In this work, a suitable and effective solution is proposed to improve the power quality and robustness of the control system based on the use of DSIG. The proposed solution depends on improving the performance and effectiveness of the backstepping control strategy using the ALO algorithm. The proposed solution is characterized by high performance, ease of application, and great robustness. In addition to using improved backstepping control, the PWM strategy was used to control the operation of the system’s inverters. The parameters of the proposed approach were calculated using the ALO algorithm. The proposed approach was compared with the traditional strategy in terms of power quality, THD value of current, overshoot, steady-state error, and response time. Also, the proposed approach was compared with related works in terms of the THD of current value. In this work, MATLAB was relied upon to implement the proposed approach, where two different forms of wind speed were used to prove the effectiveness and strength of this proposed approach. The results show that the proposed technique provides graphical and numerical results compared to the conventional technique, as it provided good numerical results in terms of the values of ITSE, ITAE, response time, overshoot, and DC link voltage ripples. Results in all tests show that the proposed technique minimized the THD value by percentages estimated at 43.10%, 57.25%, and 29.45% compared to the conventional technique. Additionally, the DC link voltage ripples were reduced compared to the conventional technique by 71.89%, 71.38%, and 63.31% in all tests. Compared to the conventional strategy, the proposed approach reduced the response time to active power compared to the conventional technique by approximately 50.89%, 53.44%, and 0.60% in all tests.

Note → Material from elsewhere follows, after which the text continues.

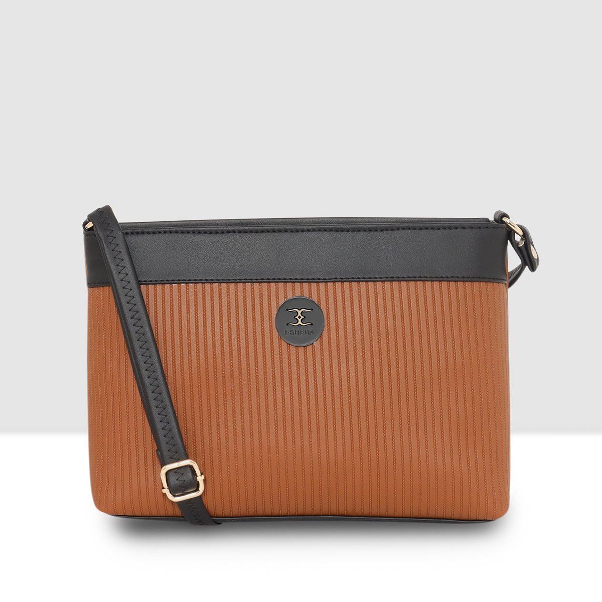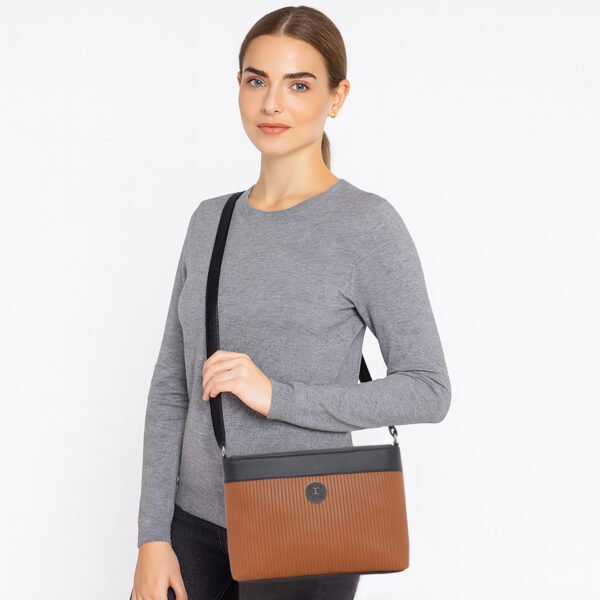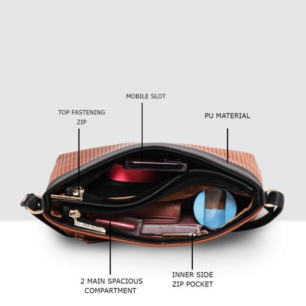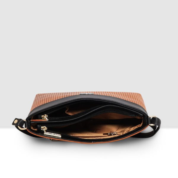 The Esbeda Dual-Tone Striped Sling is a perfect mix of sophistication and practicality. Made of high-quality PU material, this handbag features a stylish design with vertical stripe texture.

Also, the response time for reactive power was reduced by 95.23%, 97.78%, and 97.65% in all tests performed. These results prove that the proposed technique significantly increases the strength and robustness of the DSIG-based wind turbine system compared to using the conventional technique.

In this work, simulation was relied upon only to highlight the performance and effectiveness of the proposed approach due to the lack of necessary equipment. This challenge will be addressed in other works in the future. In addition, the lack of relevant work related to the DSIG-type generator is considered one of the most prominent challenges that this work faced in comparing the results. Also, this system relied only on power generation while increasing the power quality. The energy storage system was not addressed, which creates the problem or challenge of energy surplus in this work. Therefore, in future work, this work will be attempted experimentally using real tools and a storage system. Also, another control proposal is characterized by high performance and great durability, with a focus on simplicity and ease of implementation to control powers.